By: Ryan Randall
There is a lot of ink spilt on the subject of entrepreneurs, and many organizations in our area dedicated to their success. However, not all entrepreneurs are leading for-profit ventures. Many are in the non-profit sector, and sometimes the challenges for these organizations are equal if not more daunting than those on the for-profit side. Fortunately for entrepreneurs, on both sides of the continuum there are organizations and programs dedicated to helping with the organization, management and assumption of risk of entrepreneurial enterprises.
In Central Florida, this kind of assistance can be found at the Central Florida Social Enterprise Accelerator, a program that assists entrepreneurs with networking opportunities, funding and other critical resources. The program was designed by Rollins College in concert with local entrepreneurs. It can run up to six months and strives to assist a new generation of businesspeople and encourage entrepreneurship by helping those with aspiring business plans reach self-sustainable levels.
“We think there’s a great opportunity for social entrepreneurs from other parts of the country who consider coming to Orlando to create a social enterprise.” – Rob Panepinto
The idea for the program stemmed from the work Rob Panepinto (now a candidate for Orange County Mayor) and others had previously done with startups through Entrepreneurs in Action (EIA). During their time with EIA, they recognized that millennials represented the next generation of entrepreneurs and that they generally want to solve critical social issues in ways outside of traditional non-profits driven by philanthropy. They also realized millennials want their professional activities to contribute back to society.
While Panepinto was working with EIA, Ben Hoyer was working on Rally Makers, a program dedicated to accelerating selected social enterprises with money and mentorship. The two met while working with startups, and they quickly realized they could scale more companies by working together.
“In the context of working with Rally Makers, we built relationships with Rollins College, Rob and EIA, and realized there was opportunity,” said Hoyer. “If we all collaborated, we could create something the region could be proud of.”
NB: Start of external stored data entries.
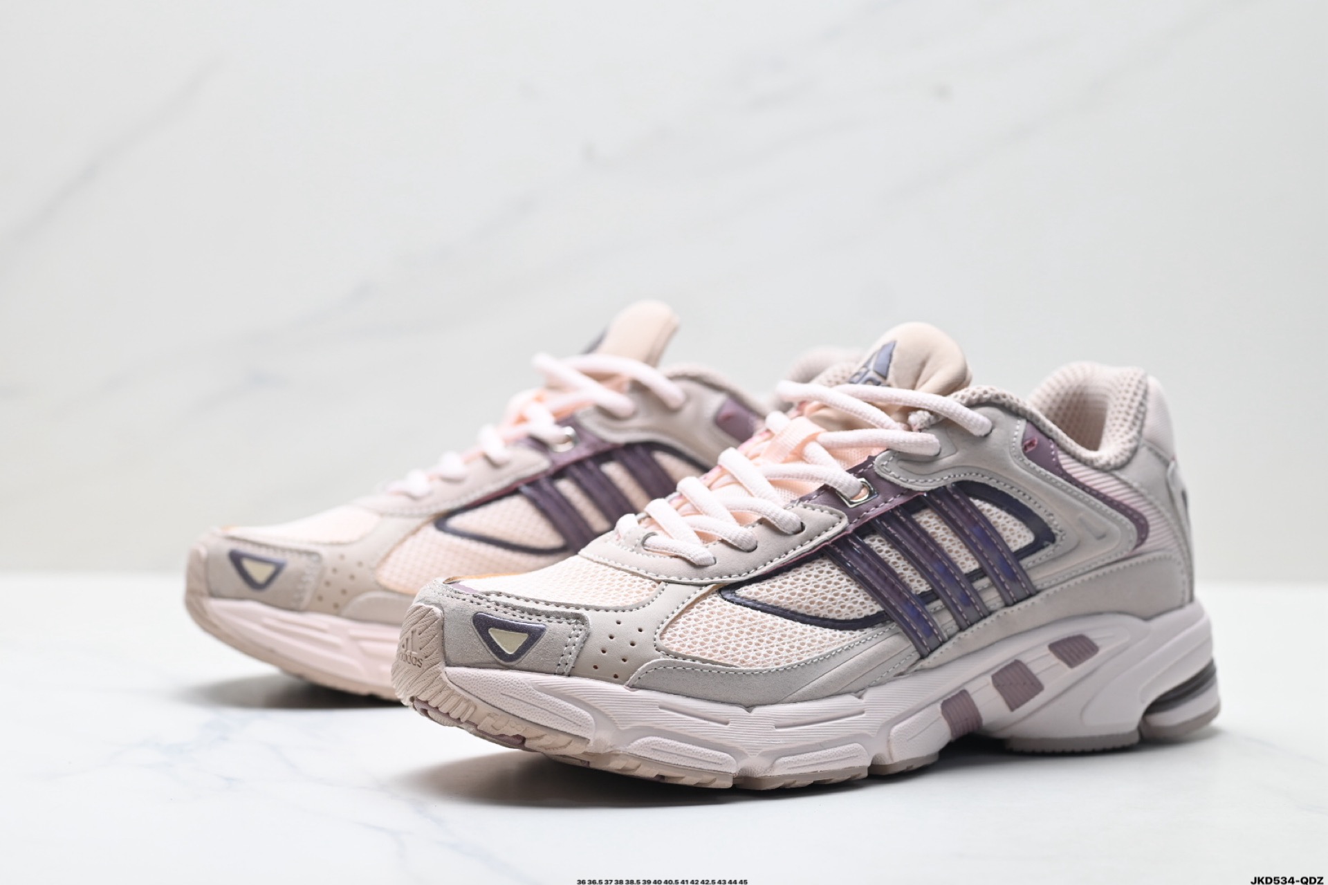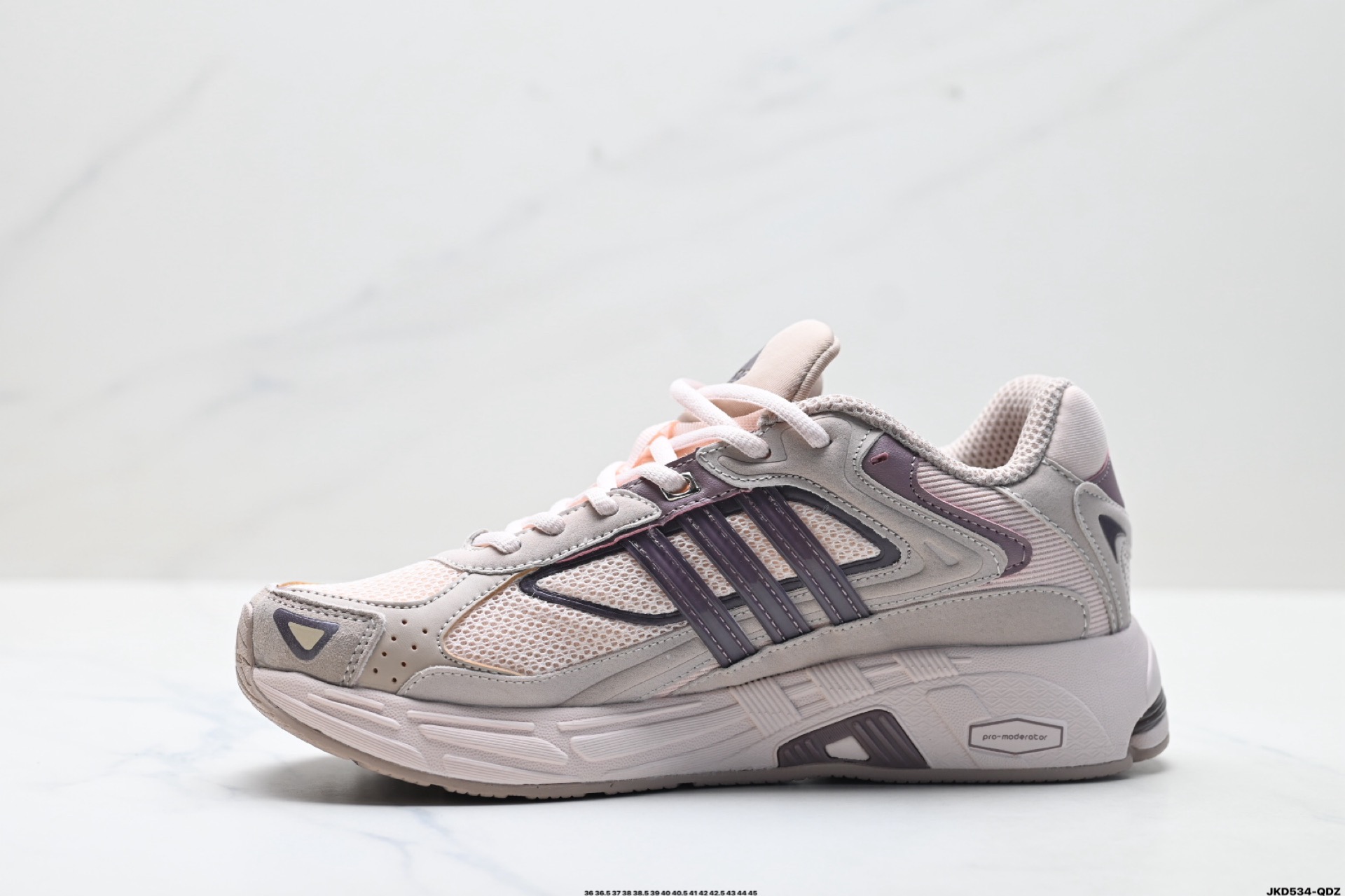 鞋身采用大面积的麂皮和网布材质 复古感拉满 中底采用阿迪达斯经典的adiprene 后掌添加新的Pro miderotor科技 脚感回弹力十足
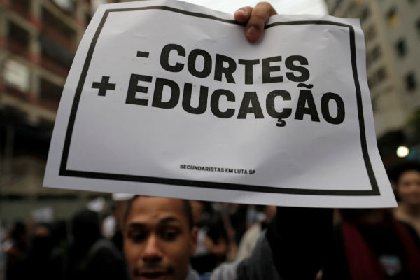Protestas en Sao Paulo, Brasil contra el recorte al gasto de educación.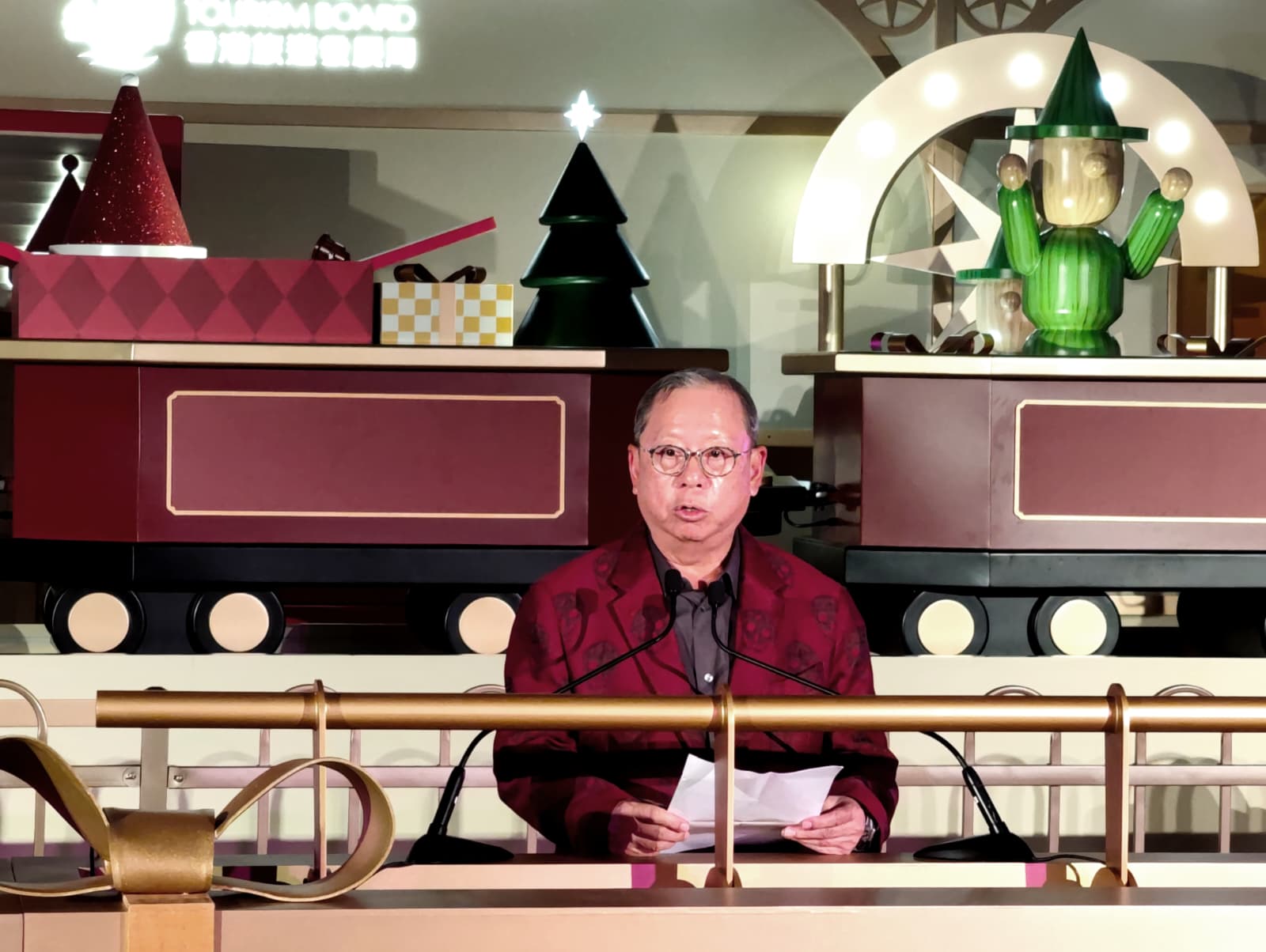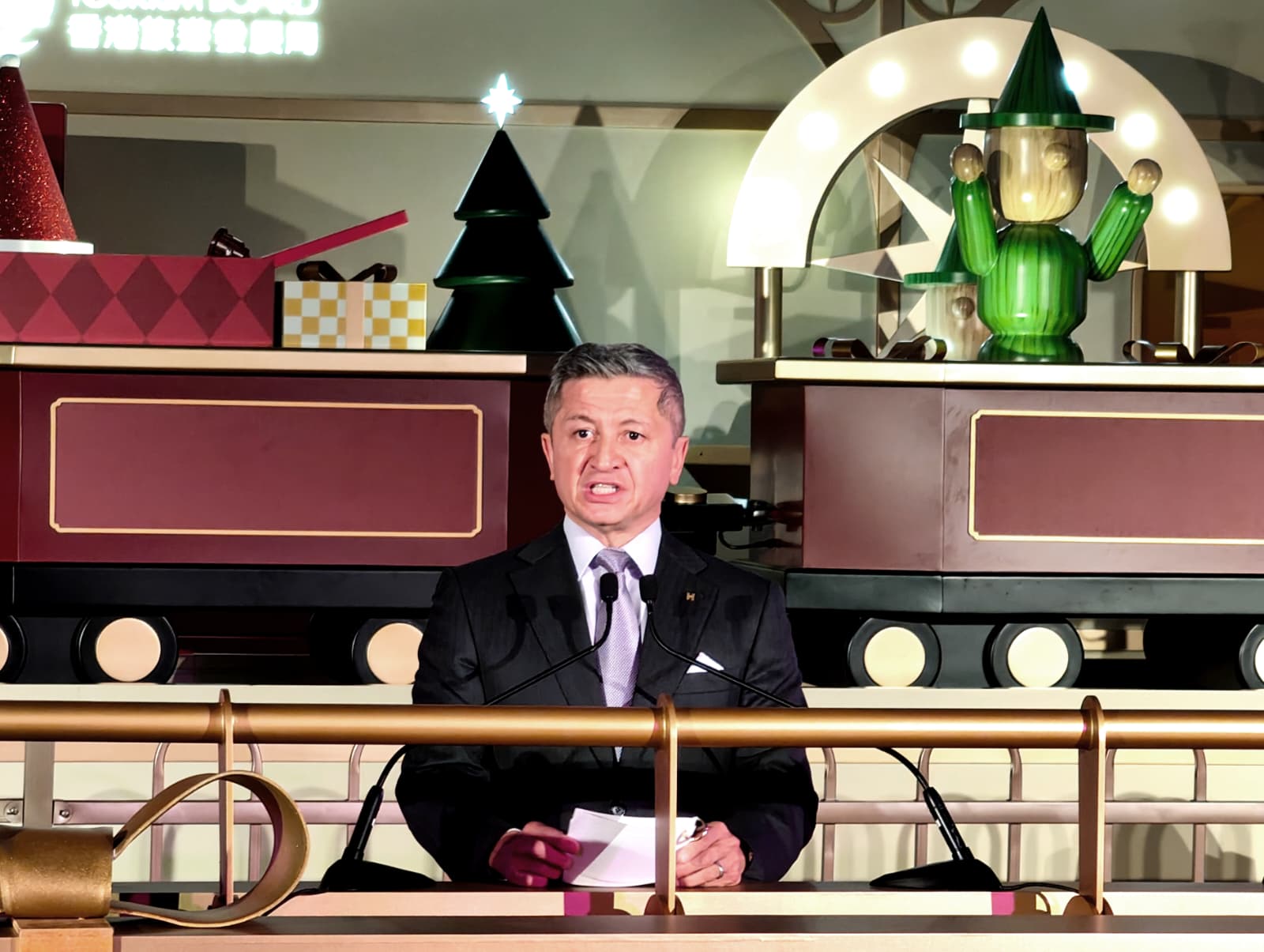 史米高則說,今晚不止是點亮聖誕樹,更是啟動整個城市的節日氣氛,他還介紹了即將推出的星光長廊燈飾和置地廣場的 裝置,希望為市民和旅客帶來美好回憶,進一步提升香港作為冬季旅遊目的地的地位,

According to Panepinto, the goal of the accelerator is to provide a blend of academic and practical expertise. Hoyer and the founder of Clean the World, Shawn Seipler, wrote the curriculum, in which entrepreneurs are paired with two mentors who provide expertise from both a business and social perspective. At the conclusion of the program, the entrepreneurs pitch to a group of investors, raising two capital funds. One is a philanthropic fund housed at the Central Florida Foundation that invests in not-for-profits to get them to seek capital and drive them to sustainability. The other is a venture fund that provides seed and early-stage capital to the for-profit businesses that come through the accelerator.
When asked about the importance of a program for social entrepreneurs, Hoyer noted that through his observations of practical and pragmatic solutions, he realized people learn through experience rather than schooling. The accelerator is structured so the mentors are the donors who have run successful businesses, allowing aspiring entrepreneurs to build their network and move towards success. Hoyer also discussed the potential for the early-stage capital the program provides, as well as the opportunity the program has to assist the region’s businesses.
“As we build the character and identity of Orlando, we want to share success stories of people who’ve come through the program and who can raise the banner and say it’s possible to build something here,” Hoyer explained. “And once you do that, you can create a business ecosystem that thrives and position Orlando as a place where entrepreneurs can build something that has a positive impact on the world.”
Enhancing The Community
For Panepinto, there is also an economic development component to the Central Florida Social Enterprise Accelerator. With several successful social enterprises already in the area, he stressed that Orlando is in a great position to diversify its economic base and marketplace, all while including higher-wage and place-based jobs that will improve the quality of life in the region.
“We think there’s a great opportunity for social entrepreneurs from other parts of the country who consider coming to Orlando to create a social enterprise,” Panepinto said.
In addition to the individual support the accelerator has received, the program has also received support from companies and organizations such as the City of Orlando, JP Morgan, Tupperware, Deanbrook Trarick, Withum and CNL. Panepinto feels this support is coming from a region with a strong history of solving social and economic issues.
“Social enterprise uniquely requires the public, private and independent sectors to work together because solving regional social and economic problems involves the cooperation of all sectors,” he said. “Ben and I, as well as others associated with the program, believe this is the most powerful way to solve these issues and enhance quality of life in the region.”